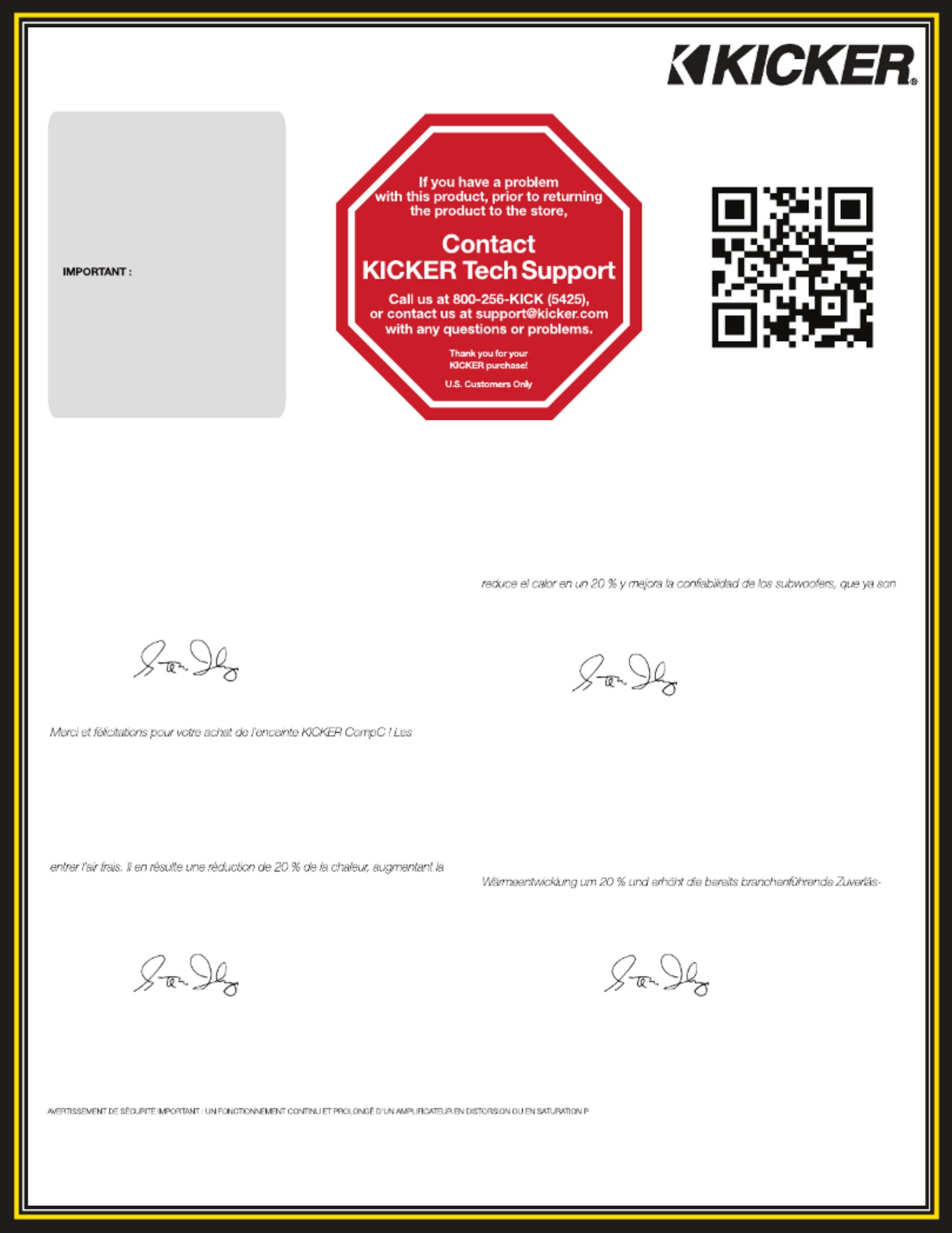 Thank y aou nd c r song atulation on r you purchase of the KICKER CompC
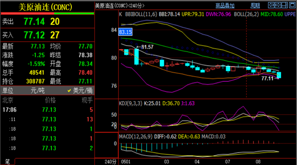 (美原油(美原油04,62.81,-0.77%,模拟交易)03,63.00,-0.79%,模拟交易)欧盘破位77.5低点,实时现报价77.2一线,刘铭诚这边也是给出77.2轻仓追空看跌,思路很简单,欧盘破位低点,今天从高点78.3算下来才跌了11个点,既然破位就顺势干空,再跌10个点+也是常态。今日的阻力很明确,依次关注今日高点78.3,凌晨反弹高点79.1,防守阻力范围看80-80.5区域就行,强弱转换节点还是81.5位置。支撑方面线看76.5和76形成的支撑区域,下破空间无限,依次参考75-74整数支撑节点。凌晨API库存数据大幅度利空,这对晚间的EIA数据也会有影响,今日思路高空看新低。原油策略:反弹触及77.8做空,78.3补仓空单,止损78.8,目标77-76,下破持有。
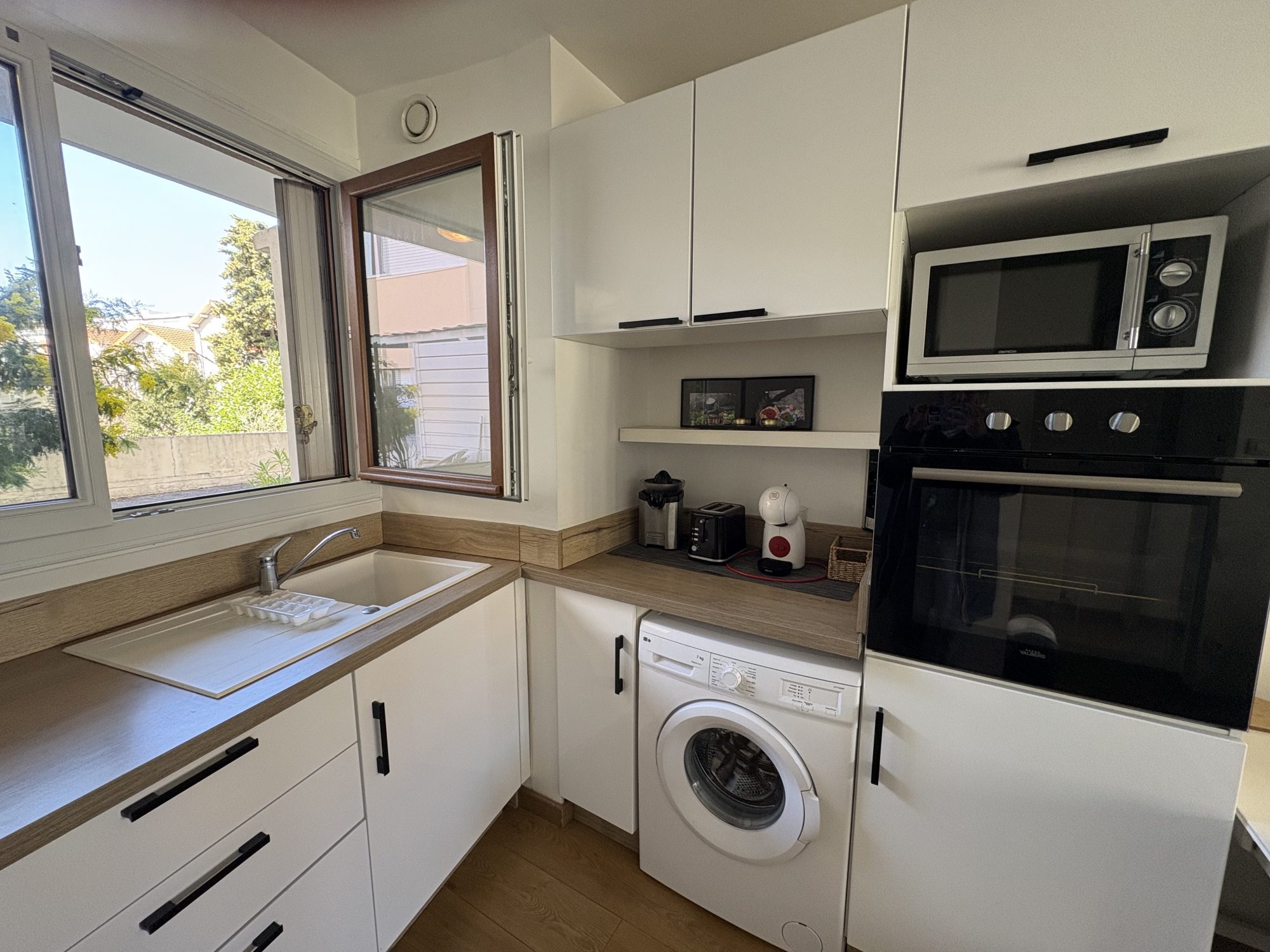 Le bien au premier étage se compose d'un séjour de 26 m² semi-ouvert sur une cuisine aménagée et équipée, d'une chambre, d'une salle d'eau, WC et d'une cave de 15 m².

* _TASK BRIEF_:
All of the data is to be returned exactly, with no pictures included.

* _EXERCISE SOLUTION_:
 Thank y aou nd c r song atulation on r you purchase of the KICKER CompC
 (美原油(美原油04,62.81,-0.77%,模拟交易)03,63.00,-0.79%,模拟交易)欧盘破位77.5低点,实时现报价77.2一线,刘铭诚这边也是给出77.2轻仓追空看跌,思路很简单,欧盘破位低点,今天从高点78.3算下来才跌了11个点,既然破位就顺势干空,再跌10个点+也是常态。今日的阻力很明确,依次关注今日高点78.3,凌晨反弹高点79.1,防守阻力范围看80-80.5区域就行,强弱转换节点还是81.5位置。支撑方面线看76.5和76形成的支撑区域,下破空间无限,依次参考75-74整数支撑节点。凌晨API库存数据大幅度利空,这对晚间的EIA数据也会有影响,今日思路高空看新低。原油策略:反弹触及77.8做空,78.3补仓空单,止损78.8,目标77-76,下破持有。
 Le bien au premier étage se compose d'un séjour de 26 m² semi-ouvert sur une cuisine aménagée et équipée, d'une chambre, d'une salle d'eau, WC et d'une cave de 15 m².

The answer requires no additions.